» **Material for this task**
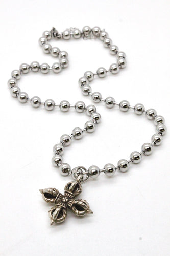 Single Silver Ball Chain Necklace with Lucky Brass Cross N2-S1023 -The Classics Collection-
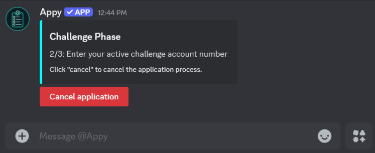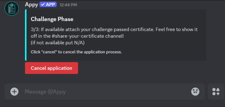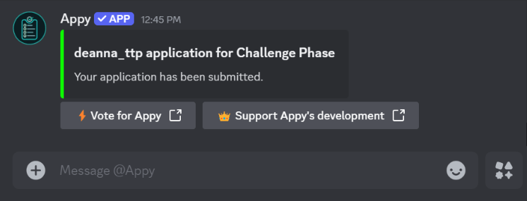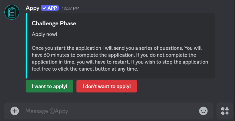 根据您选择的身份,Appy Bot 会通过私信向您确认是否要提交申请。点击绿色按钮以确认。一旦您确认申请,Appy Bot 将提出 1 到 3 个问题让您回答。
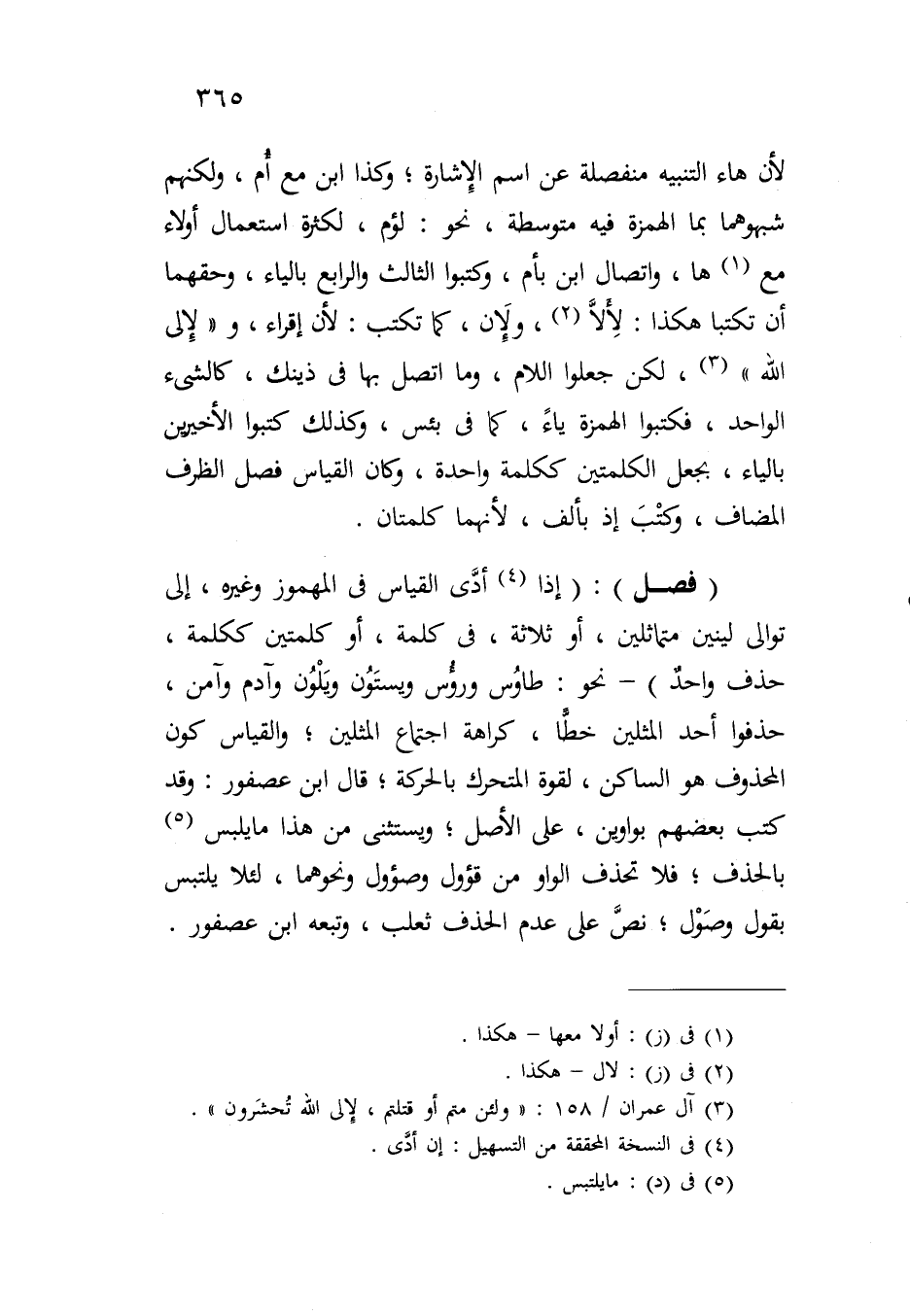 لأن هاء التنبيه منفصلة عن اسم الإشارة؛ وكذا ابن مع أم، ولكنهم شبهوهما بما الهمزة فيه متوسطة، نحو: لؤم، لكثرة استعمال أولاء مع ها، واتصال ابن بأم، وكتبوا الثالث والرابع بالياء، وحقهما أن تكتبا هكذا: لِأَلَّا، ولإن، كما تكتب: لأن إقراء، و"لإلى الله"، لكن جعلوا اللام، وما اتصل بها في ذينك، كالشيء الواحد، فكتبوا الهمزة ياء، كما في بئس، وكذلك كتبوا الأخيرين بالياء، بجعل الكلمتين ككلمة واحدة، وكان القياس فصل الظرف المضاف، وكتب إذ بألف، لأنهما كلمتان.
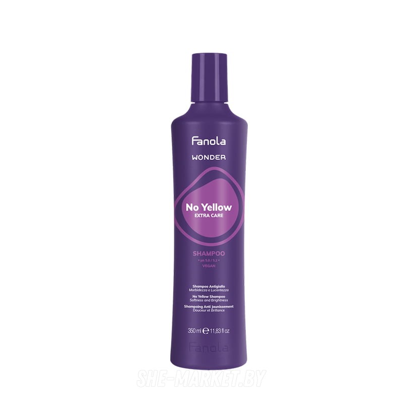 Шампунь Wonder No Yellow нейтрализует нежелательные желтые тона и мгновенно тонизирует волосы, придавая им нейтральные и холодные оттенки. Обогащенная формула придает дополнительную мягкость и блеск.Действующие ингредиенты:Драгон фрукт, богатый антиоксидантами и полиненасыщенными кислотами, которые на волосах идеально подходят для продления цвета и глубокого увлажнения. Содержит ликопин, витамины А, В, С и Е, минеральные соли, антиоксиданты и микроэлементы.Масло марулы глубоко питает и увлажняет волосы благодаря богатому содержанию жирных кислот, витаминов С и Е и омега-6 и 9. Оно богаче антиоксидантами, даже чем аргановое масло.После применения шампуня блондинка вновь обретает свое великолепие, а волосы выглядят здоровыми и сильными. Благодаря экстрафиолетовому пигменту шампунь Wonder No Yellow устраняет желтизну и делает светлые, обесцвеченные или седые волосы блестящими и сияющими.Веганский продукт.СоставAqua (Water), Sodium Laureth Sulfate, Sodium Cocoamphoacetate, Dec
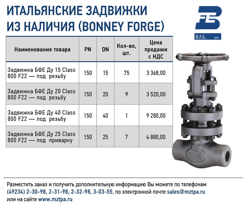 Задвижки кованые Bonney Forge (Италия)

» **Directions**
Please restate the lines above exactly, starting at the first line of the data and stopping at the line containing "لأن هاء التنبيه", which is included. Omit pictures.

» **Written solution**
 Single Silver Ball Chain Necklace with Lucky Brass Cross N2-S1023 -The Classics Collection-
 根据您选择的身份,Appy Bot 会通过私信向您确认是否要提交申请。点击绿色按钮以确认。一旦您确认申请,Appy Bot 将提出 1 到 3 个问题让您回答。
 لأن هاء التنبيه منفصلة عن اسم الإشارة؛ وكذا ابن مع أم، ولكنهم شبهوهما بما الهمزة فيه متوسطة، نحو: لؤم، لكثرة استعمال أولاء مع ها، واتصال ابن بأم، وكتبوا الثالث والرابع بالياء، وحقهما أن تكتبا هكذا: لِأَلَّا، ولإن، كما تكتب: لأن إقراء، و"لإلى الله"، لكن جعلوا اللام، وما اتصل بها في ذينك، كالشيء الواحد، فكتبوا الهمزة ياء، كما في بئس، وكذلك كتبوا الأخيرين بالياء، بجعل الكلمتين ككلمة واحدة، وكان القياس فصل الظرف المضاف، وكتب إذ بألف، لأنهما كلمتان.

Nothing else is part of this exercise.